Hierarchical clustering is applied using a Ward linkage on the same distance matrix. This method builds a tree (dendrogram) of nested clusters and does not require specifying k in advance.
# 1. Distance Matrix
dist_matrix_hc <- dist_matrix_odm
# 2. Model Building (Ward's method)
model_hc <- hclust(dist_matrix_hc, method = "ward.D2")
# 3. Visualization (Dendrogram)
fviz_dend(
model_hc,
k = k_optimal, # k=2
rect = TRUE,
k_colors = "jco",
cex = 0.5,
main = paste("Hierarchical Clustering Dendrogram (k=", k_optimal, ")")
)
fviz_dend(
model_hc,
k = k_alternative, # k=3
rect = TRUE,
k_colors = "jco",
cex = 0.5,
main = paste("Hierarchical Clustering Dendrogram (k=", k_alternative, ")")
)
# 4. Tree Cutting and Inertia Validation
total_inertia <- inertdiss(dist_matrix_hc)
print("Hierarchical Clustering Validation")
## [1] "Hierarchical Clustering Validation"
print(paste("Total Inertia:", round(total_inertia, 2)))
## [1] "Total Inertia: 4.98"
# Validation for k=2
clusters_hc_k2 <- cutree(model_hc, k = k_optimal)
within_inertia_k2 <- withindiss(dist_matrix_hc, clusters_hc_k2)
q_metric_k2 <- 1 - (within_inertia_k2 / total_inertia)
print(paste("Within-Cluster Inertia (k=2):", round(within_inertia_k2, 2)))
## [1] "Within-Cluster Inertia (k=2): 3.06"
print(paste("Q Metric (Proportion of Variance Explained) (k=2):", round(q_metric_k2, 4)))

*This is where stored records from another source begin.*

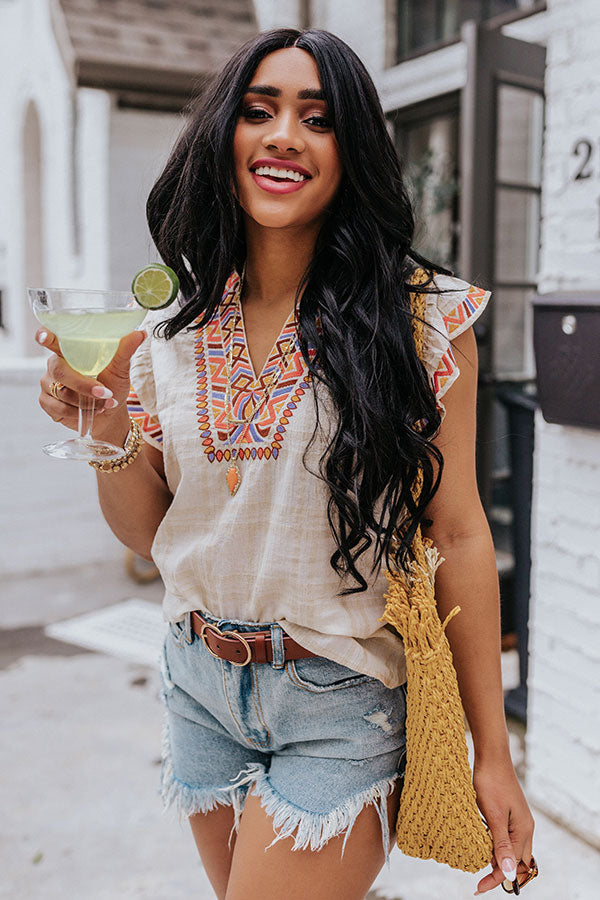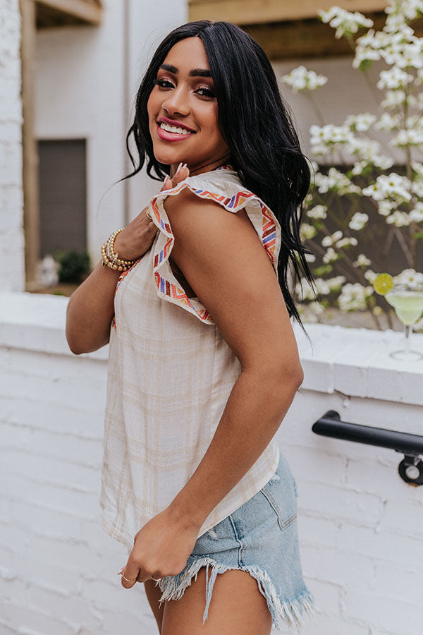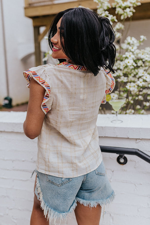 We have no doubt you will feel ethereal in this natural hued top featuring lightweight material patterned with a subtle plaid print, colorful embroidered detailing throughout, a v-cut neckline, ruffled cap sleeves, and a relaxed silhouette that falls into a straight hemline! Measurements
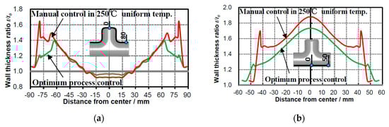 Comparison of wall thickness distribution between manual control and optimum process control (FE analysis). (a) Bulge side; (b) bottom side.
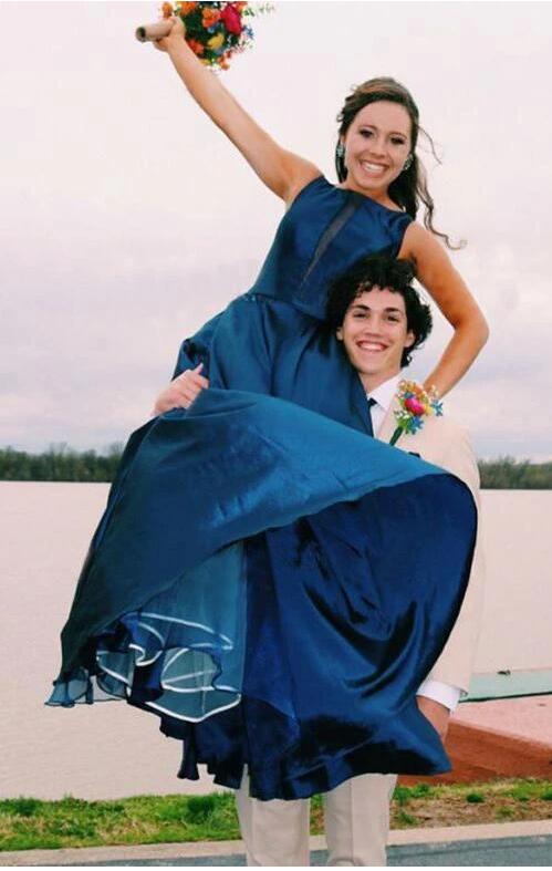Bateau Neck Marinblå Enkel A-linje balklänning.
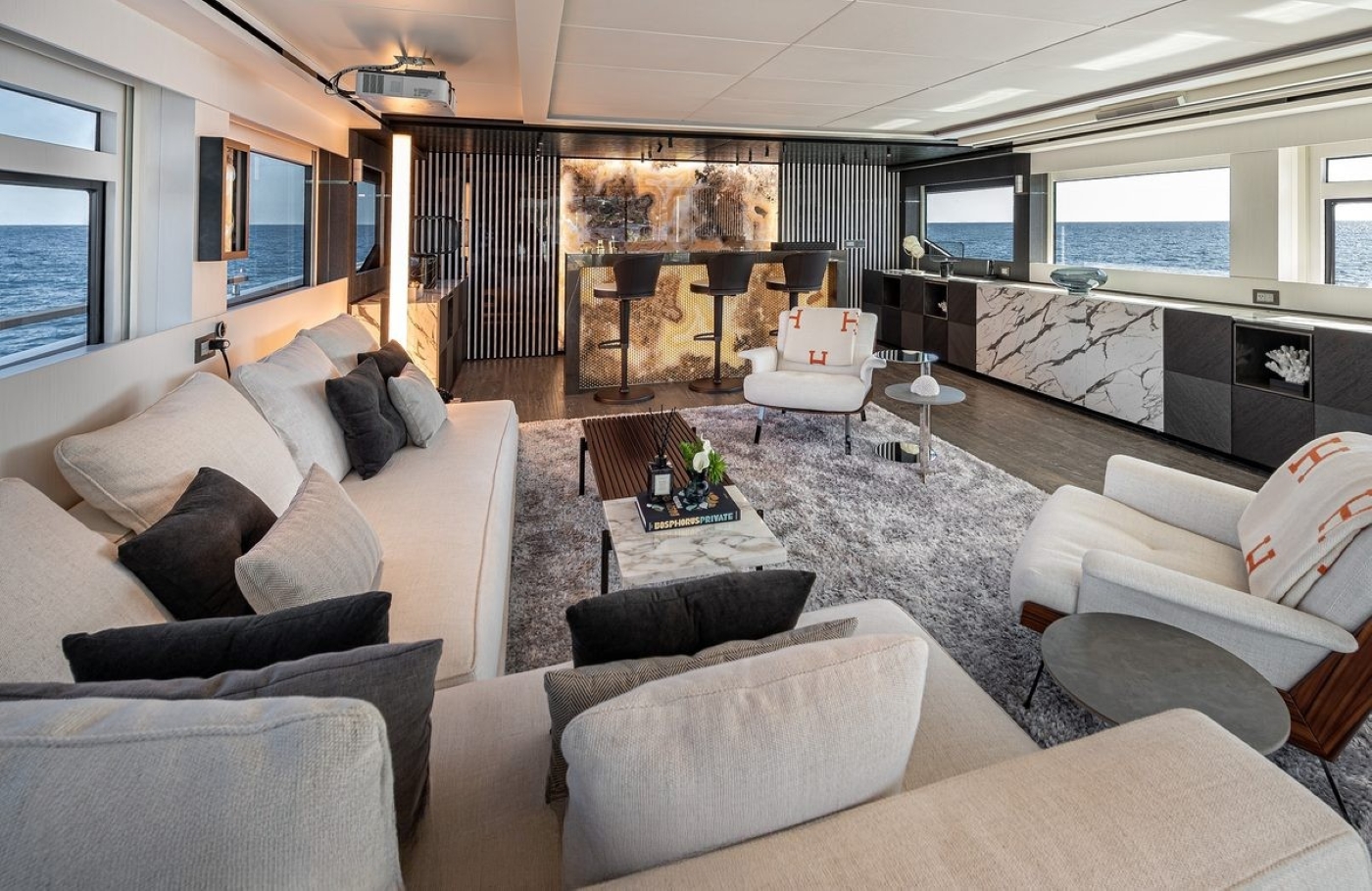 The foredeck on this level offers a different perspective with views over the bow from an arrangement of sun pads and seating.

## [1] "Q Metric (Proportion of Variance Explained) (k=2): 0.3847"
# Validation for k=3
clusters_hc_k3 <- cutree(model_hc, k = k_alternative)
within_inertia_k3 <- withindiss(dist_matrix_hc, clusters_hc_k3)
q_metric_k3 <- 1 - (within_inertia_k3 / total_inertia)
print(paste("Within-Cluster Inertia (k=3):", round(within_inertia_k3, 2)))
## [1] "Within-Cluster Inertia (k=3): 2.23"
print(paste("Q Metric (Proportion of Variance Explained) (k=3):", round(q_metric_k3, 4)))
## [1] "Q Metric (Proportion of Variance Explained) (k=3): 0.553"
Interpretation:
Because the k = 3 solution explains substantially more variance and matches the visual structure of the dendrogram, the analysis chooses hierarchical clustering with k = 3 as the final model.
The final step assigns each country to one of the three hierarchical clusters and computes descriptive statistics for each feature.
k_final <- 3
clusters_final <- clusters_hc_k3
data_profile_numeric <- data_features
data_profile_numeric$Cluster <- as.factor(clusters_final)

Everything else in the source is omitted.